Perception of India and Tibet
An expert on Indo-China relations, Shyam Saran utilises the traditions of statecraft in Chinese societies while parallelly drawing on the historical developments in the Indian subcontinent to see how perceptions bind the two countries together. He interprets how India had entered the Chinese imagination through the spread of Buddhism yet there is no sign of China in Indian consciousness throughout its long history. It is only in modern times that China emerged in the Indian mind and held itself as the country’s biggest challenge.

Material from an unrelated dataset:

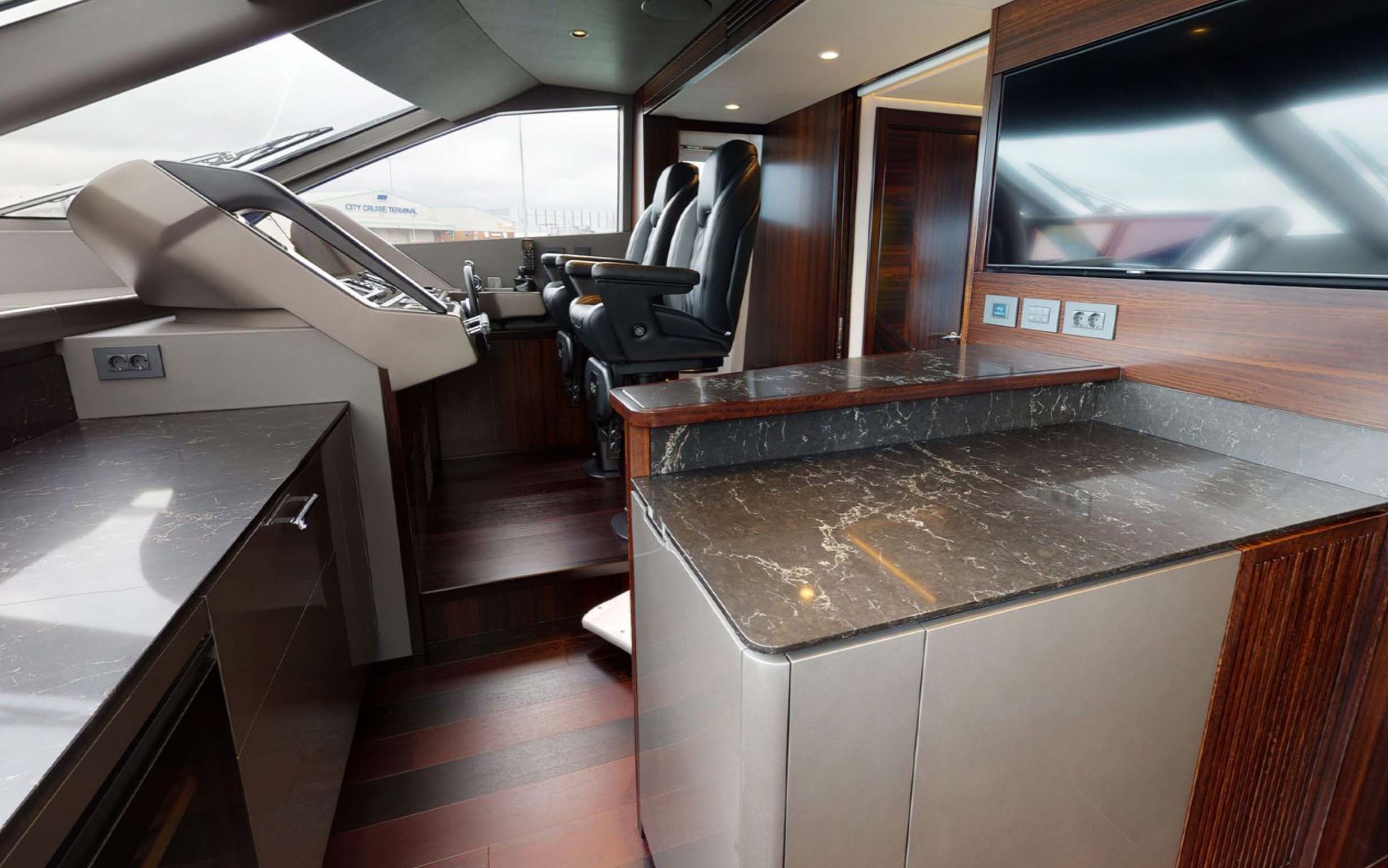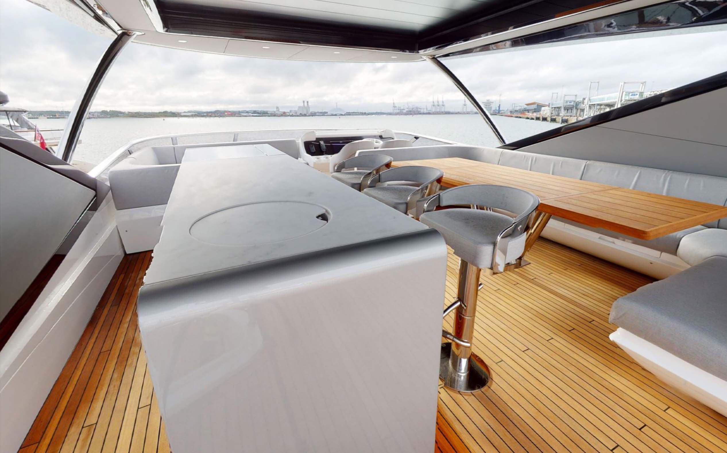 The main deck is nothing short of spectacular. Inside, there is a large forward galley helping to maximize the open-plan entertaining space. It gives owners and crew an amazing amount of practical storage space, as well as a dedicated fixed breakfast bar unit with two stools, creating an additional informal dining space.
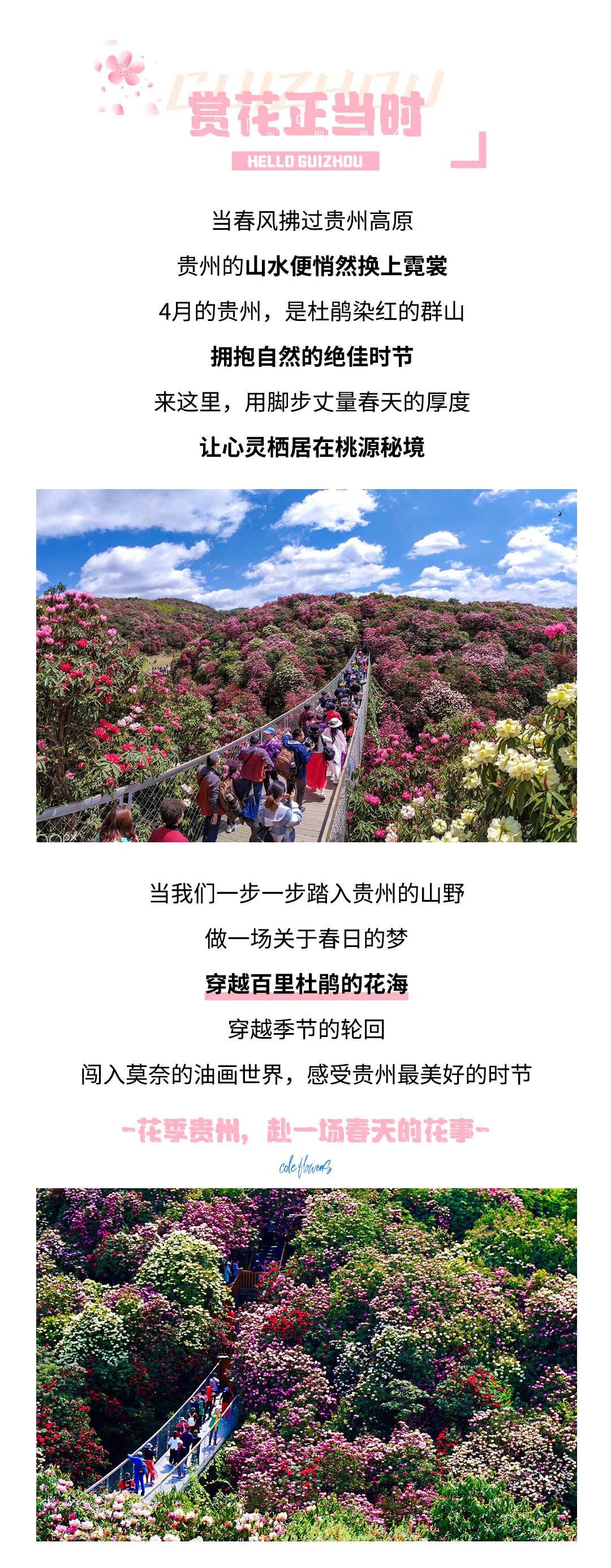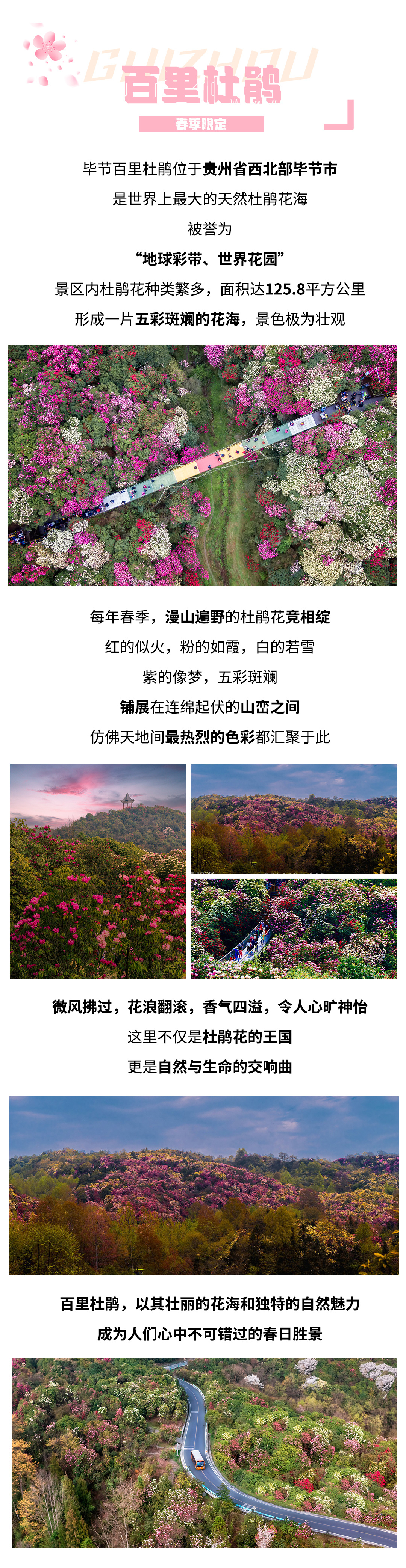 早餐后将乘车前往百里杜鹃景区,首先映入眼帘的是景区大门处极具特色的杜鹃造型建筑,打卡留念后,顺着主游步道前行。此时,漫山遍野的杜鹃花逐渐出现在眼前,花色丰富,有热烈奔放的红色、淡雅清新的粉色、高贵神秘的紫色,花朵形态各异,有的含苞待放,有的完全盛开,微风拂过,花枝摇曳,仿佛一片花的海洋泛起层层波浪,空气中弥漫着淡淡的花香,沁人心脾。

In Chapter fourteen titled “India as Teacher by Negative Example” the author states that China is increasingly assessing India through the prism of its fraught and worsening relations with the US. India is not regarded as someone with an independent agency. China views India as an enslaved country because of its colonial path, considered an instrument of Western imperialism. The Tibet crisis of 1959 led to negative reporting of India whose issue is at the very heart of the complex relationship between the India and China. Though China never exercised direct control over Tibet, Beijing will not rest until Tibet is not secured. Shyam Saran notes that the complex and confusing history with Tibet obscures the Chinese narrative of claiming Tibet since neither the Mongols nor the Manchus considered Tibet a part of China under their empires. The Han dynasty was never able to establish itself over Tibet. It is merely China manipulating history to serve its political needs. It thus becomes imperative even for readers to understand Beijing’s motives and attitudes which may favourable strategic discourse between the two countries even if mending the border dispute may seem like a far-sighted reality for now.

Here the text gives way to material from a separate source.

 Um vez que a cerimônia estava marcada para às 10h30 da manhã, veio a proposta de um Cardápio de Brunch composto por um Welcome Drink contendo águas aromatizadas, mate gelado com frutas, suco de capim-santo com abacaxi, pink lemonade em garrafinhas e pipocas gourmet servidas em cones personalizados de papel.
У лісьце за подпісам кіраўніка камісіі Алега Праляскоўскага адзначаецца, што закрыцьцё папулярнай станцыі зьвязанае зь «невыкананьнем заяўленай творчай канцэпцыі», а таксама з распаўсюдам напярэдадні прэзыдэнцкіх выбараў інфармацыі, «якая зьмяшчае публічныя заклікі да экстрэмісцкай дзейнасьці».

Lessons to draw from Chinese experience
The book is successful in highlighting the need to have a credible strategy to meet the Chinese challenge. The author notes that India has to build on its stable polity and inherent cultural assets. Even China’s economic success is linked to its promotion of human resources through quality education in all fields. It has heavily invested in state-of-art physical infrastructure. The author takes into account that the lesson for India is to be committed to the values enshrined in its Constitution and uphold its democratic institutions, invest in its people, and celebrate its diversity and culture to make it its strength and challenge China rather than looking the “China-Model” of authoritarianism and drawing wrong conclusions. The book certainly provides a different strategy for interpreting China’s aspirations, something which has been missing from the scholarly discourse on Indo-China relations to understand China’s rhetoric on building on its historical impetus to return to Pax Sinica.
A supplementary reading recommended with this book is How India Sees the World by Shyam Saran to understand the Indian perspective which the author brings by referencing Arthashastra and evolving Kautilya’s political thought into the present strategic thought. Another reading is a chapter from The India Way by S. Jaishankar titled ‘Krishna’s Choice’ to further understand India’s thought of statecraft through lessons from Mahabharata.
In short, How China Sees India and the World is a timely read to understand the Chinese psyche. Readers of this book will find its historical analysis of the modern Chinese state extremely thought-provoking and engaging. It is a fairly easy and simple read for those who want to dwell deep into the Chinese mind to understand the lessons India can rationally draw from the Chinese experience.